Having concluded that the time provision of section 19(h) is jurisdictional, we can readily dismiss claimant's contentions that employer consented to the jurisdiction of the Commission by executing a section 19(h) proceeding stipulation form and waived the limitations period by partaking in a hearing on the merits of claimant's section 19(h) petition. It is well settled that the issue of subject matter jurisdiction cannot be waived, stipulated to, or consented to by the parties. Michelson, 375 Ill. at 470; Taylor v. Industrial Comm'n, 221 Ill. App. 3d 701, 703-04, 164 Ill. Dec. 450, 583 N.E.2d 4 (1991); Swope v. Northern Illinois Gas Co., 221 Ill. App. 3d 241, 243, 163 Ill. Dec. 665, 581 N.E.2d 819 (1991); Ruff, 149 Ill. App. 3d at 78; Mitchell v. Industrial Comm'n, 148 Ill. App. 3d 690, 695, 102 Ill. Dec. 219, 499 N.E.2d 999 (1986). It can be raised at any time and even sua sponte when necessary. Arrington v. Industrial Comm'n, 96 Ill. 2d 505, 509, 71 Ill. Dec. 712, 451 N.E.2d 866 (1983); West v. Industrial Comm'n, 238 Ill. App. 3d 445, 446, 179 Ill. Dec. 766, 606 N.E.2d 598 (1992); Taylor, 221 Ill. App. 3d at 703; Walsh v. Central Cold Storage Co., 324 Ill. App. 402, 419, 58 N.E.2d 325 (1944).

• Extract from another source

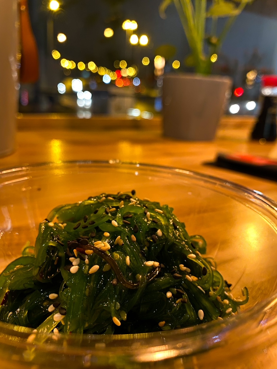 krewetki parzone, ogórek, kanpyo, oshinko, sałata, mango, sezam -
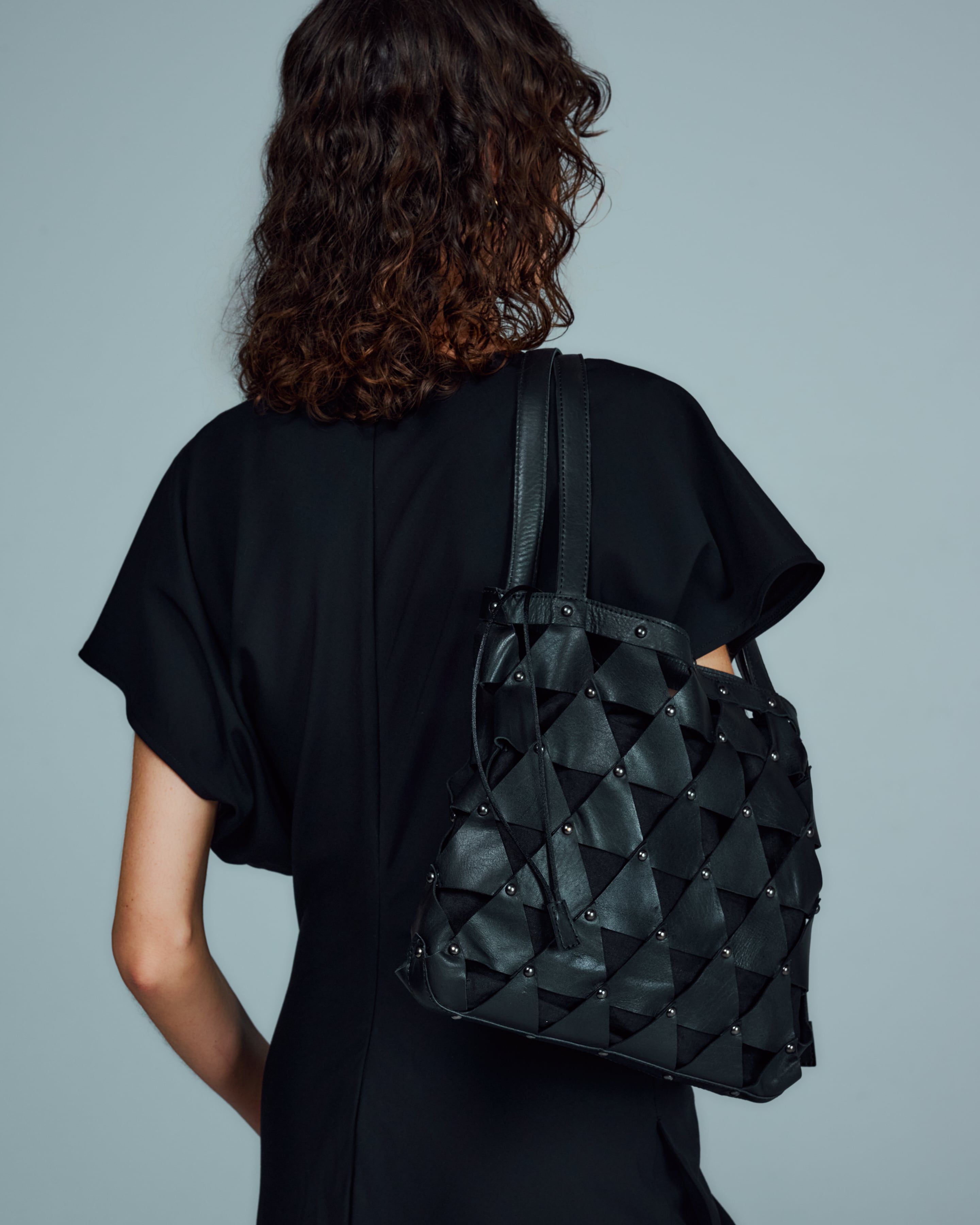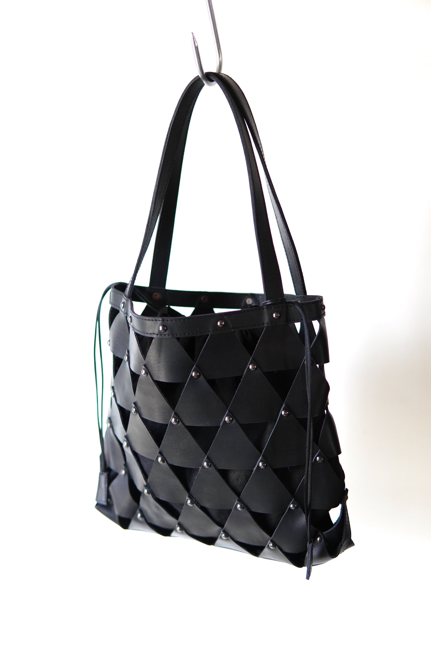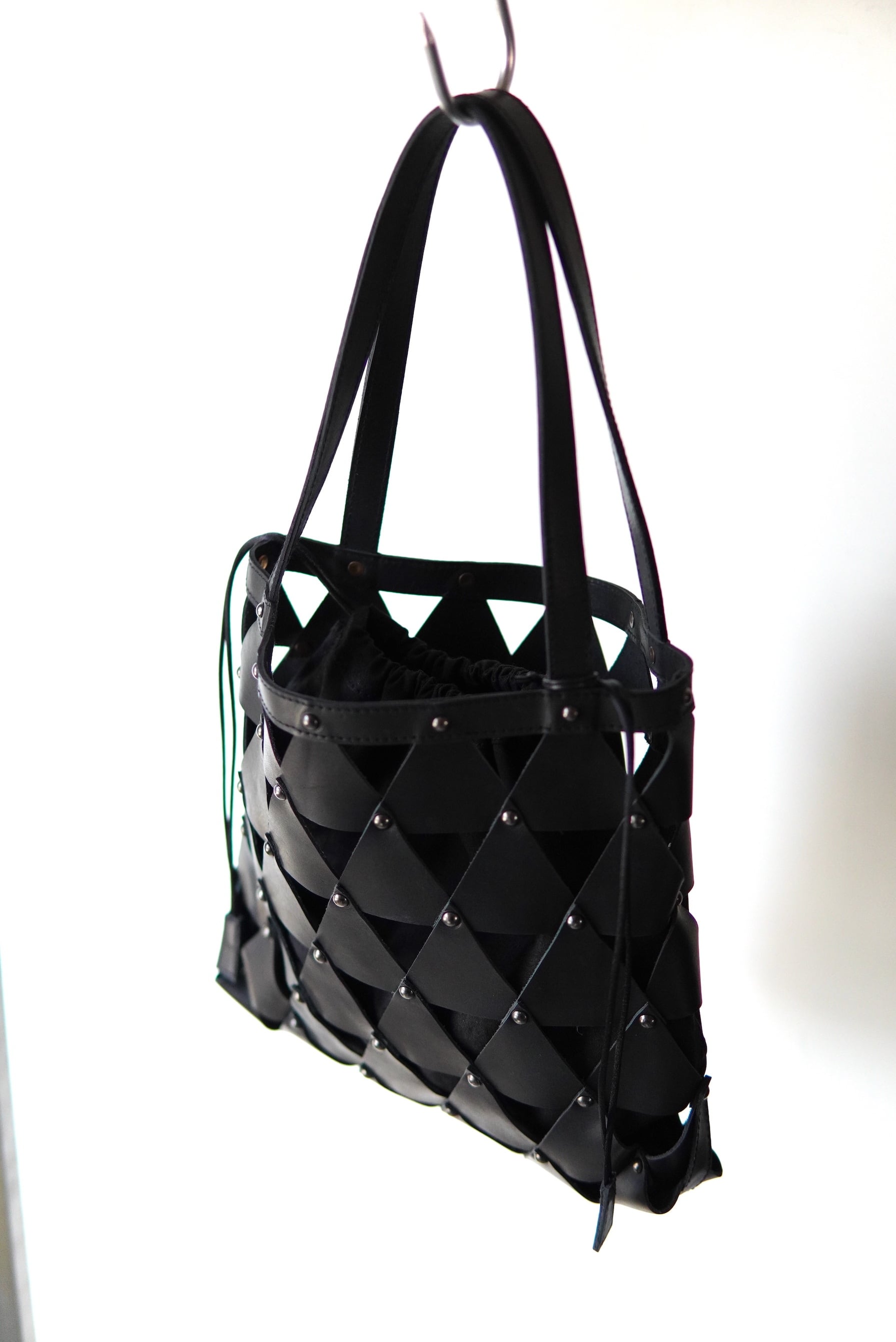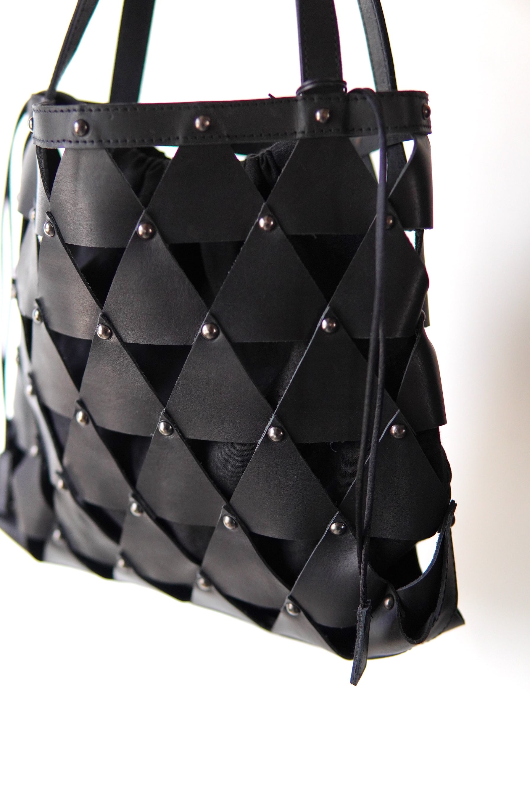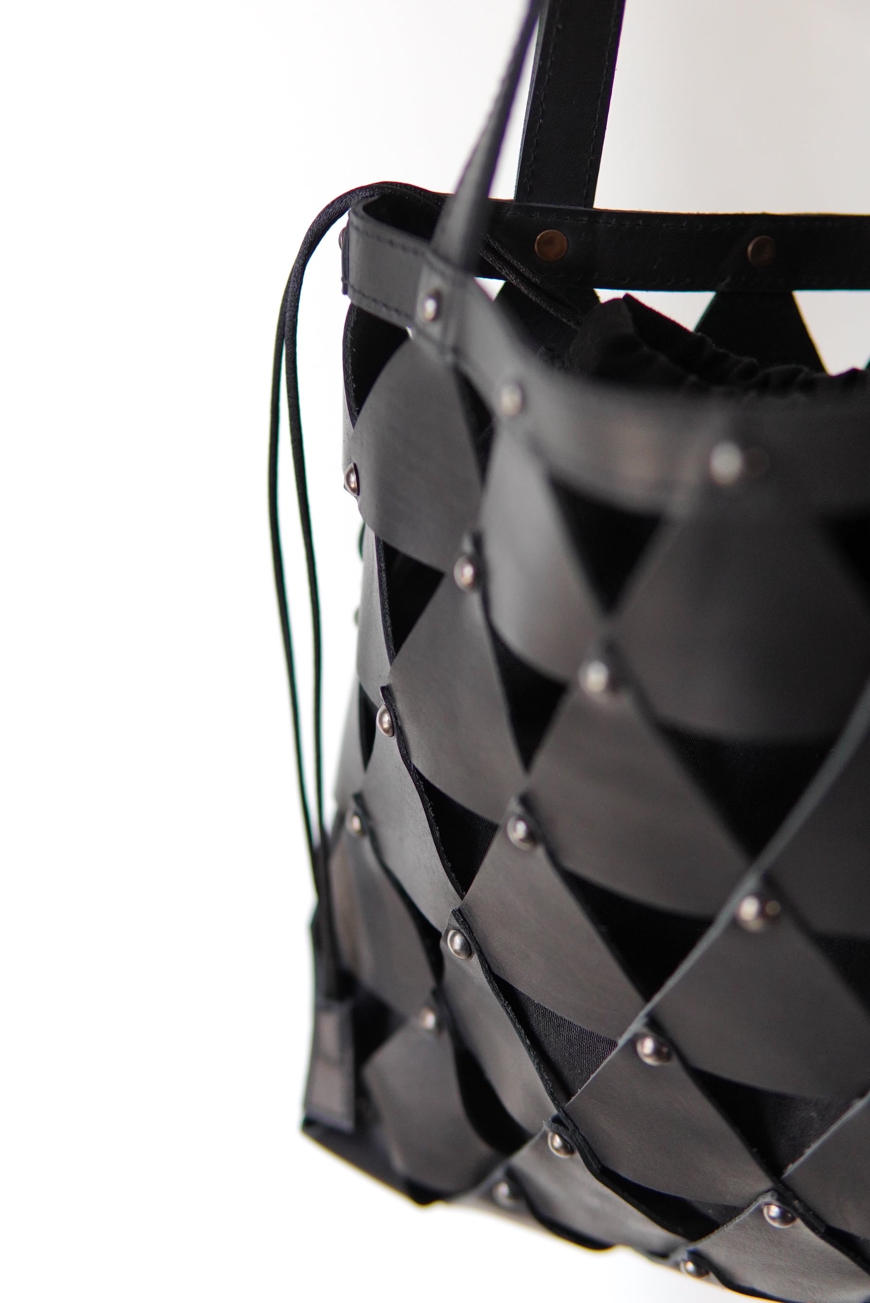クラフト感溢れるカウレザーバッグ。 トライアングルモチーフだけで構成されたデザインが特徴のバッグ本体部分は、ほとんど縫製をせずカシメで止めて形成しています。 革は使い込む程にツヤが出る耐久性に強いCOW NAPPAを使用。 和紙リネンの内袋にはポケットもあり、巾着状になっているため使い勝手も良い仕様になっております。 MATERIAL 100% COW LEATHER 袋 54% PAPER 46% LINEN SIZE 縦 約25cm 横 約29cm 幅 約5cm

We find that claimant's reliance on Murphy v. Industrial Comm'n, 408 Ill. 612, 97 N.E.2d 843 (1951), is misplaced. In Murphy, the Commission had properly obtained jurisdiction by a petition filed within the time allotted by the Act to review the arbitrator's decision. Murphy, 408 Ill. at 615. The court held that the Commission did not lose jurisdiction by a delay in filing the transcript of proceedings six days late, where the parties appeared before the Commission and did not object to its jurisdiction. Murphy, 408 Ill. at 615.* Murphy is distinguishable from the case sub judice, where the Commission never had jurisdiction to begin with because no timely petition was ever filed. Accordingly, the Commission could not be conferred with subject matter jurisdiction by the conduct of the parties. See Mitchell v. Industrial Comm'n, 148 Ill. App. 3d 690, 695, 102 Ill. Dec. 219, 499 N.E.2d 999 (1986) (holding that a court may not be conferred with subject matter jurisdiction which is otherwise absent).
In sum, we hold that the statutory limitations period of section 19(h) of the Act is a jurisdictional requirement that may be raised at any time and even sua sponte by the Commission. It is an absolute and unconditional restriction on the right of review. As such, the Commission is necessarily divested of its review jurisdiction for change of disability 30 months after agreement or award of compensation. There being no question that claimant petitioned for review of an award beyond the time prescribed by section 19(h) of the Act, the Commission had no jurisdiction to review the award. Accordingly, we affirm the dismissal of claimant's petition for lack of jurisdiction.
McCULLOUGH, P.J., and COLWELL, HOLDRIDGE, and RARICK, JJ., concur.